I am trying to deploy Ray to Kubernetes using a custom Docker image. I cannot use any Ray base Docker images for my use case, so I need to install Ray in my own image. This is made more complicated by the fact that I am using a custom Python interpreter wrapped in a shell script. I am able to run ray
using this pattern in my container:
/path/to/python.sh /path/to/python/bin/ray start|stop|etc.
My question is how I can use this pattern with a RayJob.
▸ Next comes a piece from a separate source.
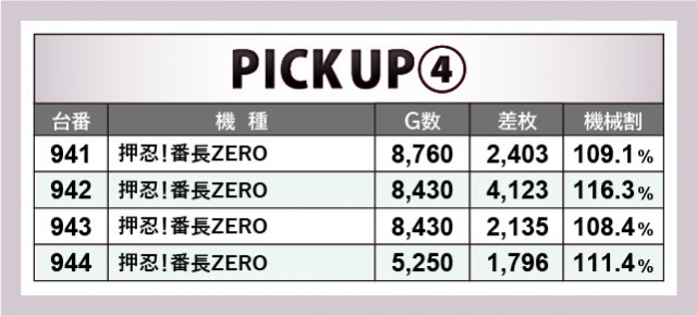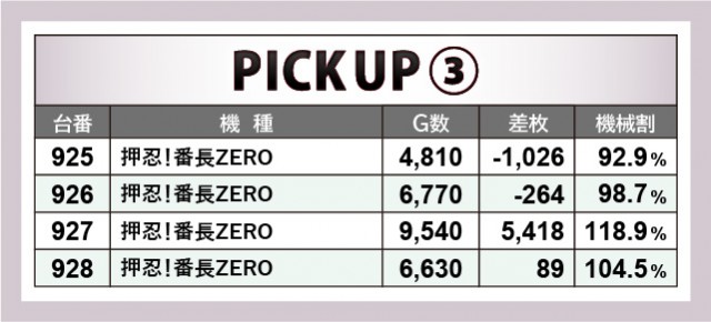 今なお根強い人気を誇る『押忍!番長ZERO』にもまた、2ヵ所の横並びスポットが見られた。927番台+5,418枚という鮮烈な記録が盛り上がりをリードし、さらに941~944番台の横並びは全台プラスを達成。また942番台+4,123枚という記録が発生したことにより、島は凄まじい熱気に包まれていた。

I found that I can set the command for my worker and head nodes directly:
containers:
- name: head
image: my-custom-image
command:
[
"/path/to/python.sh",
"/path/to/python/bin/ray",
"start",
"--head",
]
...
containers:
- name: worker
image: my-custom-image
command:
[
"/path/to/python.sh",
"/path/to/python/bin/ray",
"start",
"--address='$(RAY_HEAD_SERVICE_HOST):6379'",
]
lifecycle:
preStop:
exec:
command:
[
"/bin/sh",
"-c",
"/path/to/python.sh",
"/path/to/python/bin/ray",
"stop",
]
With this I am able to start the cluster, but when I inspect the logs for my head node, I see this:
2024-07-09 13:34:39,326 INFO scripts.py:767 -- Local node IP: 10.0.16.61
2024-07-09 13:34:43,261 SUCC scripts.py:804 -- --------------------
2024-07-09 13:34:43,261 SUCC scripts.py:805 -- Ray runtime started.
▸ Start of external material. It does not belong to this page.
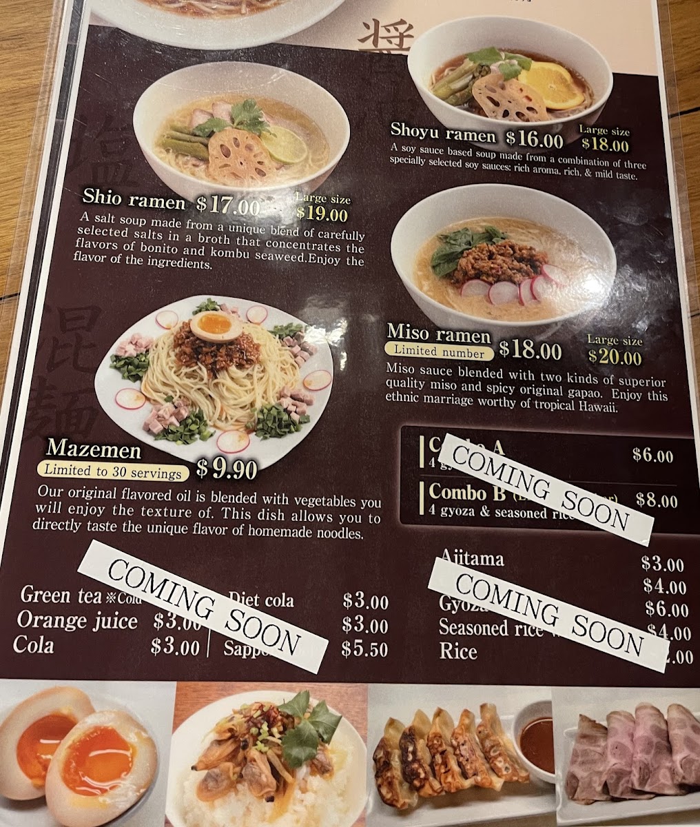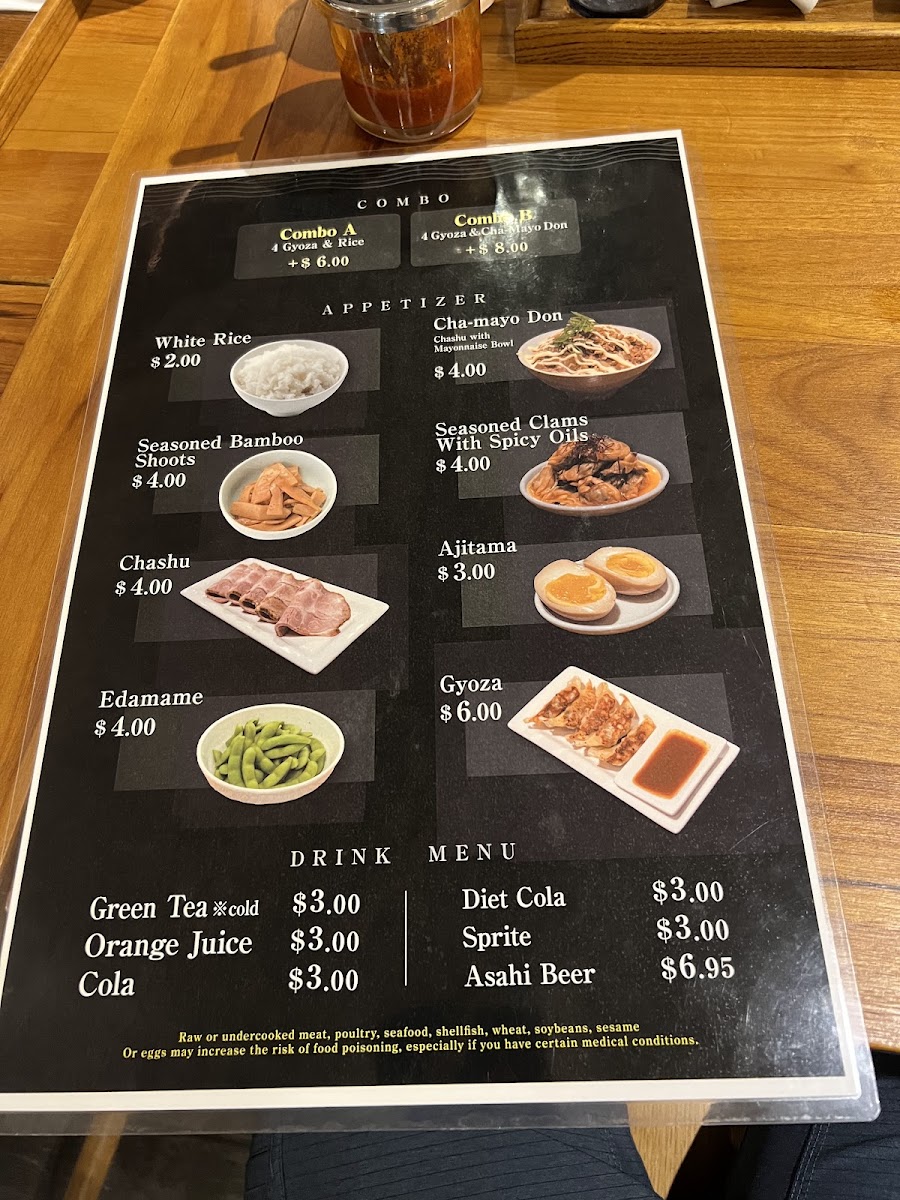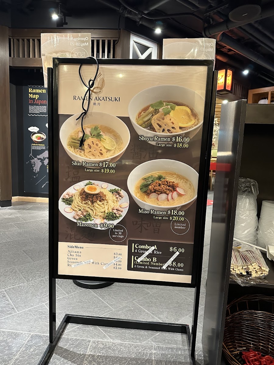 Sampling the menu at Ramen Akatsuki offers a concise yet satisfying glimpse into traditional Japanese flavors with a local twist. The ramen selection caters to both light and hearty appetites, with Shoyu Ramen (R) and Shoyu Ramen (L) delivering a savory soy-based broth, while Shio Ramen (R) and Shio Ramen (L) provide a subtler, salt-forward option. For those seeking a richer profile, Miso Ramen (R) stands out as a comforting choice. The combos, Combo A and Combo B, are well-balanced, pairing ramen with side dishes for a complete meal experience. Speaking of sides, Ajitama, Chashu, and Gyoza offer classic accompaniments, and options like Seasoned rice with clams and plain Rice round out the savory offerings. To complement the dishes, the beverage list includes refreshing choices such as Green Tea (ICE), Orange Juice, Coke, Diet Coke, and Sprite. Overall, the menu strikes a careful balance between familiar staples and thoughtful variety, making it approachable for first-timers while still satisfying for seasoned ramen enthusiasts.

2024-07-09 13:34:43,261 SUCC scripts.py:806 -- --------------------
2024-07-09 13:34:43,261 INFO scripts.py:808 -- Next steps
2024-07-09 13:34:43,261 INFO scripts.py:811 -- To add another node to this Ray cluster, run
2024-07-09 13:34:43,261 INFO scripts.py:814 -- ray start --address='10.0.16.61:6379'
2024-07-09 13:34:43,261 INFO scripts.py:823 -- To connect to this Ray cluster:
2024-07-09 13:34:43,262 INFO scripts.py:825 -- import ray
2024-07-09 13:34:43,262 INFO scripts.py:826 -- ray.init()
2024-07-09 13:34:43,262 INFO scripts.py:838 -- To submit a Ray job using the Ray Jobs CLI:
2024-07-09 13:34:43,262 INFO scripts.py:839 -- RAY_ADDRESS='http://127.0.0.1:8265' ray job submit --working-dir . -- python my_script.py
2024-07-09 13:34:43,262 INFO scripts.py:848 -- See https://docs.ray.io/en/latest/cluster/running-applications/job-submission/index.html
2024-07-09 13:34:43,262 INFO scripts.py:852 -- for more information on submitting Ray jobs to the Ray cluster.
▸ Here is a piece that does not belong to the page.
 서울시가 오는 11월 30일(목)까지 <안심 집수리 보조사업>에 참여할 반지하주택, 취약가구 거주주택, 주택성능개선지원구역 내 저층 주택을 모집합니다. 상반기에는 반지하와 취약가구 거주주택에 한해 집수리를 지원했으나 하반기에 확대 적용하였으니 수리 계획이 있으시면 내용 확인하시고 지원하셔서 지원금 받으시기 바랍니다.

2024-07-09 13:34:43,262 INFO scripts.py:857 -- To terminate the Ray runtime, run
2024-07-09 13:34:43,262 INFO scripts.py:858 -- ray stop
2024-07-09 13:34:43,262 INFO scripts.py:861 -- To view the status of the cluster, use
2024-07-09 13:34:43,262 INFO scripts.py:862 -- ray status
2024-07-09 13:34:43,262 INFO scripts.py:866 -- To monitor and debug Ray, view the dashboard at
2024-07-09 13:34:43,262 INFO scripts.py:867 -- 127.0.0.1:8265
2024-07-09 13:34:43,262 INFO scripts.py:874 -- If connection to the dashboard fails, check your firewall settings and network configuration.
/bin/bash: line 1: ray: command not found
The last line causes the container to fail. My guess is that I have set the start and stop commands correctly but there are other processes running that also need to access the ray executable and cannot find it. Is there a way I can set the path in the RayJob configuration? Or do I need to modify my base Docker image in some way?